The ML Pipeline is a Python service that generates win predictions for upcoming NBA games.


graph LR subgraph PostgresDB[Postgres] T1[ml_game_features] T2[ml_game_predictions] end T1 -->|Fetches upcoming games| ML[ML Pipeline] ML -->|Stores win predictions| T2 T2 --> API[REST API Service] T2 --> DASH[Dash Frontend Service] style PostgresDB fill:#89888f,stroke:#444444,stroke-width:2px style ML fill:#d6d6d6,stroke:#444444,stroke-width:1.5px style API fill:#f5f5f5,stroke:#444444,stroke-width:1.5px style DASH fill:#f5f5f5,stroke:#444444,stroke-width:1.5px
graph LR A[Ingestion Script] --> B[dbt] B --> C[ML Pipeline]

The ML model is a Logistic Regression classifier trained on data from the 2023-24 season.

  • In production, the model achieves around 67% accuracy on win predictions.
  • The trained model is serialized using joblib and stored directly into the container image that runs in production.

Note: For more dynamic use cases, the model could be stored in S3 and pulled at runtime. This would allow the pipeline to load updated versions without requiring a container rebuild.

It pulls upcoming games from the silver.ml_game_features table generated by dbt, uses the ML model to generate the predictions for each upcoming game, and then saves the results back to gold.ml_game_predictions.

  • The downstream services pull the latest available data to present to end users
  • Model accuracy is tracked by comparing the prediction results to the actual game results after the games are played

The following features are pulled for each home & away team in the upcoming games:

  1. Days of Rest - Measures how many days of rest the team has had before the game.

  2. Top Players - Ordinal ranking (0, 1, 2) which represents whether the team’s top players are active or unavailable for the game

  3. Moneyline Odds - Moneyline odds for the team for the upcoming game

  4. Recent Team Performance - Team Win % for the last 10 games

  5. Overall Team Performance - Team Win % for the entire season thus far

  1. scikit-learn is the primary package behind building the ML Model & creating predictions
  2. jyablonski_common_modules provides various functions to read & write data to Postgres

The ML Pipeline runs as an ECS Task following the completion of the dbt job.

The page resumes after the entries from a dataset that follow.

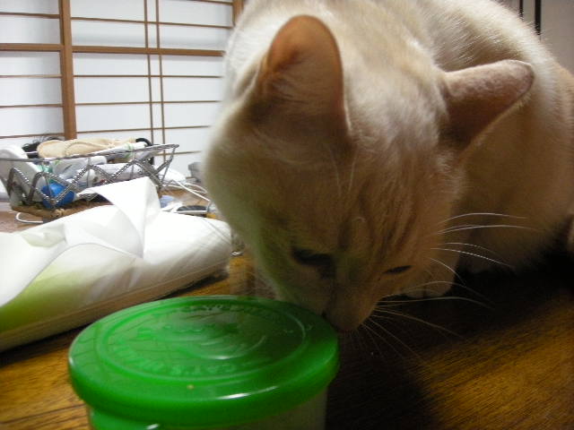 「ネコの気持ち」に付いてきた容器におまけのフード。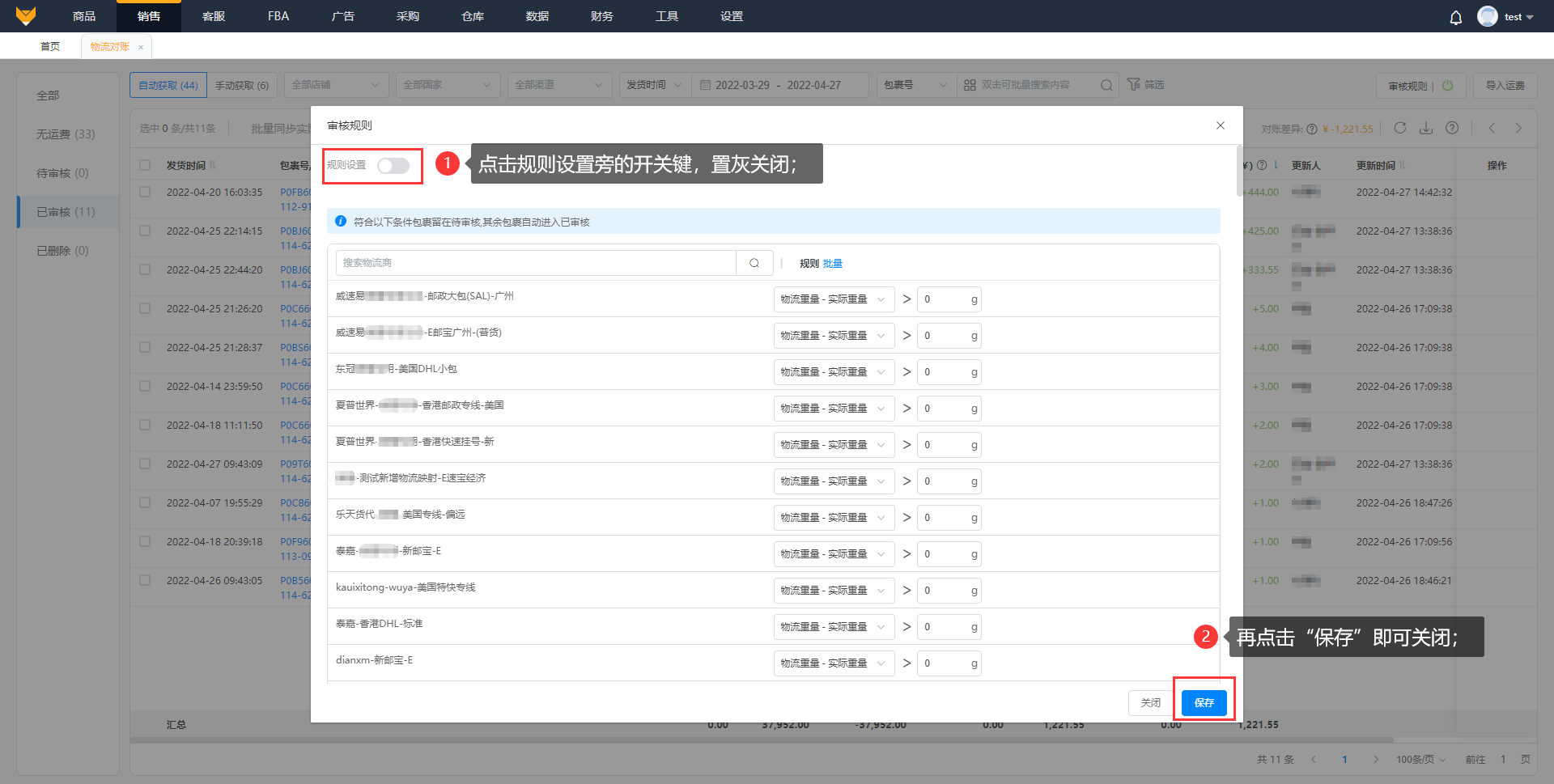 注意:规则里显示的物流是在【销售】>【物流设置】开启的物流和渠道;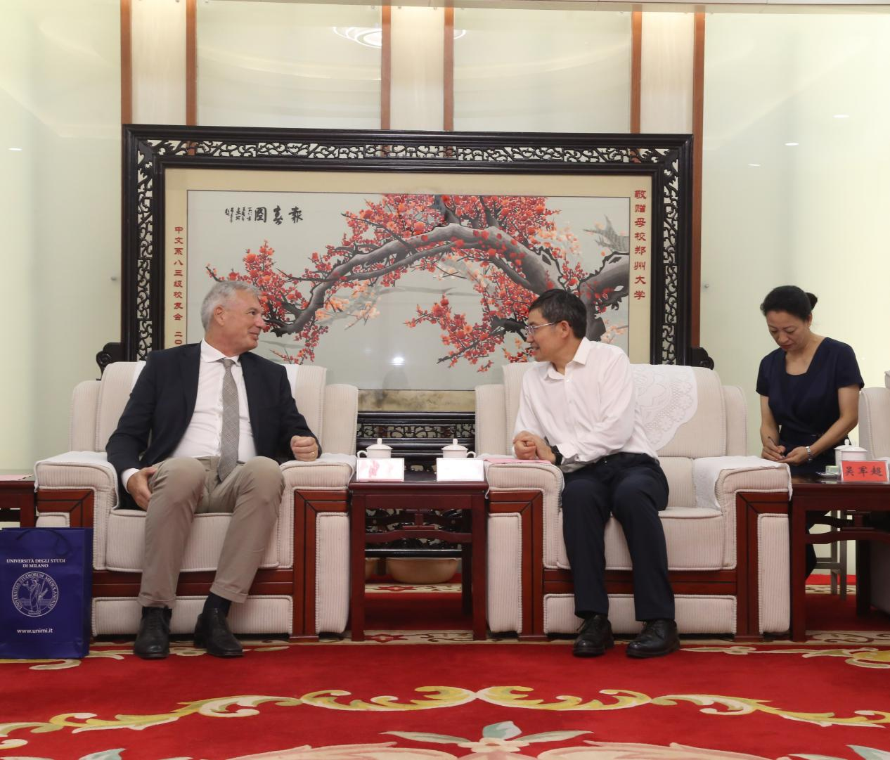 近日,米兰大学副校长Fabio Esposito来校访问交流,校党委常委、副校长王海杰在主校区会见来宾,国际交流与合作处负责同志参加会见。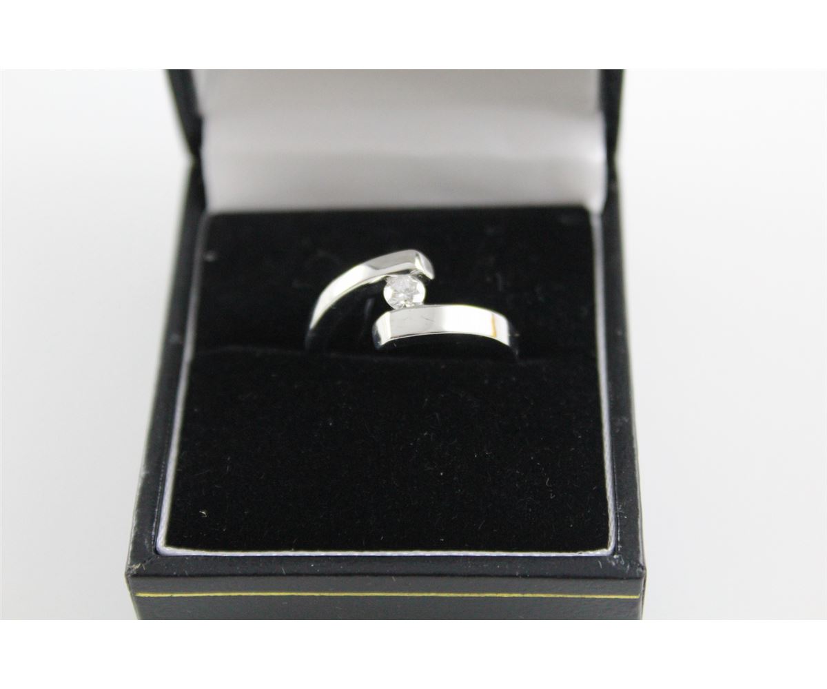 LADIES 14KT WHITE GOLD DIAMOND SET ENGAGEMENT OR DRESS RING WHICH HOLDS 1 ROUND BRILLIANT CUT DIAMOND APPROX 0.20 CARATS. REPLACEMENT VALUE:$900.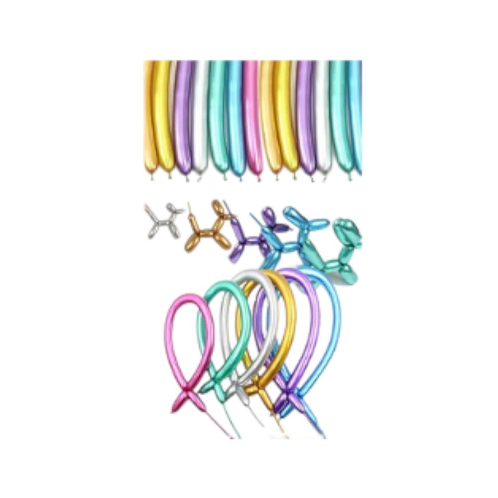GLOBO DE LATEX LARGO PARA GLOBOLOGIA CHROME MULTICOLOR X 12Unidades Ideales para Globoflexia o Torsión de Globos! Material: Látex Color: Multicolor Chrome.

  • The ML Pipeline typically takes about ~10 seconds to complete

The NBA ELT Pipeline is complete after the ML Pipeline finishes, with no further tasks to run.

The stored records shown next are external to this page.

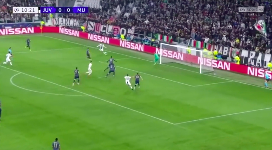 La gara col Manchester United è quella maggiormente ricca di errori collettivi e individuali. È una partita in cui il piano studiato a tavolino sembra prevedere la ricerca costante dell’ampiezza per poi andare al cross cercando di giocare il pallone sul compagno a rimorchio: il risultato è stato quello di una Juventus che è riuscita a sfondare puntualmente sulle fasce non riuscendo però a concretizzare i vantaggi creati.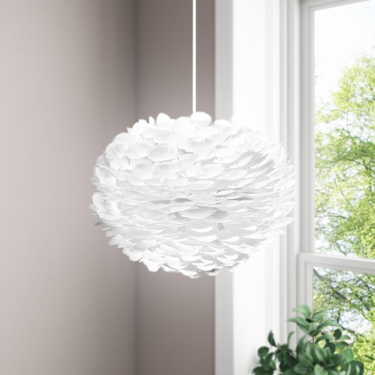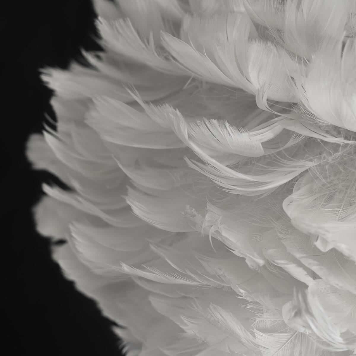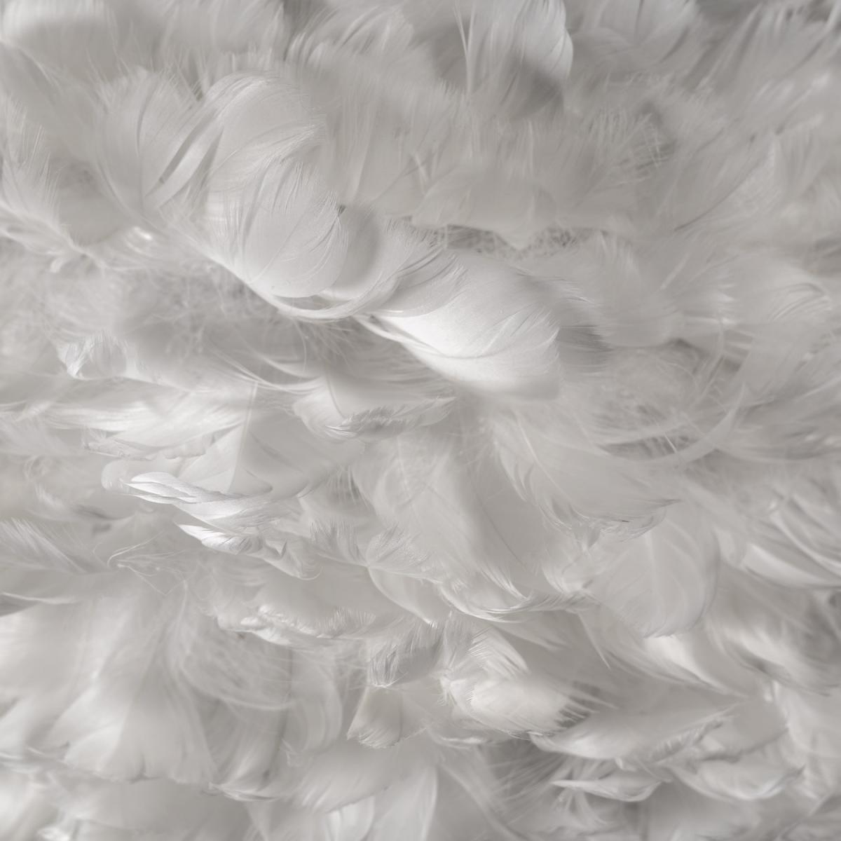 Handmade faux feather pendant light Crisp white feathers create a soft light Add a touch of glamour to any dining or living room E27 and LED bulb compatible, bulbs sold separately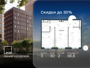 В активно развивающемся районе на юго-востоке столицы продается 2-комнатная квартира площадью 58,8 кв.м без отделки.. Квартира расположена на 30 этаже 37-этажного этажного корпуса 3 в жилом комплексе комфорт-класса Level Нижегородская (компания Level Group/Левел групп).

For continuous integration (CI), the entire test suite is run on every commit in a pull request using Docker.

After a PR is merged, the continuous deployment (CD) pipeline performs the following steps:

  1. Builds the Docker image for the service with the updated source code and dependencies
  2. Pushes the Docker image to ECR

On the next NBA ELT Pipeline run, this new Docker image will be used when the ML Pipeline is scheduled in ECS.